Report Warns of Asia Arms Race if Trump Withdraws US Forces | Military.com: The U.S. approach to Asia faces a major overhaul when Donald Trump takes office, but what will take its place? A new report warns of a leadership vacuum and even a nuclear arms race if the U.S. withdraws from a region threatened by a provocative North Korea.
But authors of the Asia Foundation report provided to The Associated Press ahead of its publication Tuesday also say in some parts of the region there's hope that a shift from President Barack Obama's signature foreign policy could be for the good.
Despite the major diplomatic capital invested by Obama in reaching out to Asia in the past eight years, his so-called "pivot" policy has yielded only modest gains in countering the rise of an assertive China. There's been a slight increase in the U.S. military presence in the region; a political opening in former pariah state Myanmar; and better relations with old enemy Vietnam.

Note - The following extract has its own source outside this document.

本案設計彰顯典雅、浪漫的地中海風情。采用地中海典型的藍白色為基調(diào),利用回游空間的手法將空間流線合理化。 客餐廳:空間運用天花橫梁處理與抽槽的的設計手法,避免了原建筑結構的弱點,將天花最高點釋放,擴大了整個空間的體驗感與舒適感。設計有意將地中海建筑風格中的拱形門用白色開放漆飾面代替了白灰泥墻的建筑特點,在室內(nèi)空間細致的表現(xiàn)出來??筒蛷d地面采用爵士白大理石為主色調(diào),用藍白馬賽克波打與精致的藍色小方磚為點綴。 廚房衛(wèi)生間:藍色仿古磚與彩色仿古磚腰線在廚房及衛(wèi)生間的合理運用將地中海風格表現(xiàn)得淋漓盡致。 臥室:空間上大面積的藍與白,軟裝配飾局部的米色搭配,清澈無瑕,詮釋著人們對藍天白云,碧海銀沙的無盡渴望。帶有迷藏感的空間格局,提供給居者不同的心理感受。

The main economic plank of his policy — the Trans-Pacific Partnership — is in ruins. Trump's election victory has erased chances of early U.S. ratification of the 12-nation trade pact.
Determining what else of Trump's populist campaign rhetoric translates into action remains a guessing game — one with high stakes for Asia.

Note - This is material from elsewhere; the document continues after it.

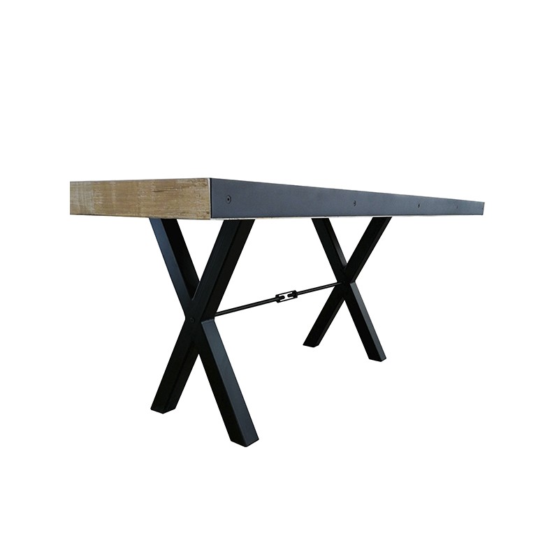 Mesa comedor estancia-160, diseñada con madera sólida de pino, cepillada en la superficie, con detalles rústicos de madera avejentada. Posee herrería negra en base y laterales, que le da un acento contemporáneo.

Trump has raised the specter of withdrawing U.S. forces from South Korea and Japan unless they share more of the burden of hosting the 80,000 troops — even as neighboring North Korea has conducted nuclear and missile tests with unprecedented intensity.
The Asia Foundation report, based on consultations among academics and former officials from 20 Asian nations, warns that withdrawing U.S. forces could compel Tokyo and Seoul to seek their own nuclear deterrents — rather than rely on America's — which in turn would "trigger massive destabilization of the regional order."